Сквозь тусклую дымку дня он видел перед собой ее нежно-лучистое лицо и чувствовал вместе с болью несчастья возобновление той другой, более сильной боли неудовлетворенности самим собой. Со времени его возвращения в Лондон он вел заурядную столичную жизнь — обеды с учеными и государственными мужами, ужины, где женщины поддерживали разговор сплетнями и анекдотами, и легкие, ничего не значащие успехи, которые его дарование и некоторая природная обаятельность всегда позволяли ему приобрести на таких посиделках, заставляли его совершенно забыть о своем недовольстве, утоляли его боль, как лекарство снимает мучения зубной боли. Встреча с Элен моментально нейтрализовала действие лекарства и оставила его беззащитным перед новой болью, нисколько не уменьшавшейся от временного действия болеутоляющей таблетки — даже, скорее, усиливавшейся благодаря ей. Ибо несчастье, которое он позволил себе унять опием такого плохого качества, было новой причиной для неудовлетворения вдобавок к старой. И думай после этого, что он серьезно лелеял мысль о возвращении к прежней спокойной жизни! Спокойно несчастной, спокойно бесчеловечной, поскольку все подобные мысли вели к тихому помешательству. Затея Марка могла оказаться глупой и даже бесчестной, но как бы она ни была плоха, это все-таки лучше, чем тихая, дремотная работа и редкие, холодные чувственные забавы на средиземноморском берегу.
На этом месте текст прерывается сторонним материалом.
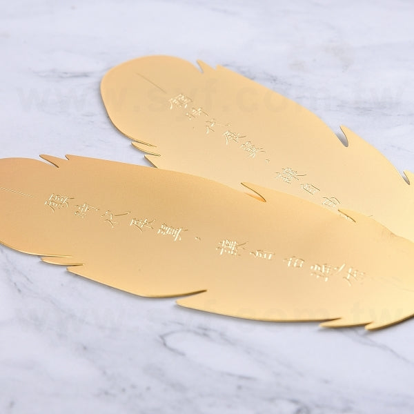 1. 客製化金屬書籤-羽毛書籤,尺寸為4.5*14.5cm,精緻設計展現尊貴品味。

Стоя перед дверью квартиры Беппо, он услышал голоса — Беппо и еще одного мужчины. Он позвонил. Время шло. Дверь оставалась закрытой. Голоса были все слышны, но невнятные; пронзительный визг Беппо и грубый, все усиливающийся лающий голос какого-то незнакомца свидетельствовали о ссоре. Он снова позвонил. Визг и крики еще какое-то время раздавались, но затем их сменил шум шагов. Дверь распахнулась, на пороге стоял Беппо. Лицо его было красным, а лысина покрылась испариной. За его спиной появился грубый, но красивый молодой человек с прямой солдатской выправкой, небольшими усами и вьющимися каштановыми волосами, смазанными маслом. Он был одет в синий саржевый костюм, делавший его совершенно неотразимым.
— Войди, — произнес Беппо почти бездыханно.
— Я не помешал?
— Нет, нет. Мой друг как раз собирался — кстати, это мистер Симпсон, — сейчас собирается уходить.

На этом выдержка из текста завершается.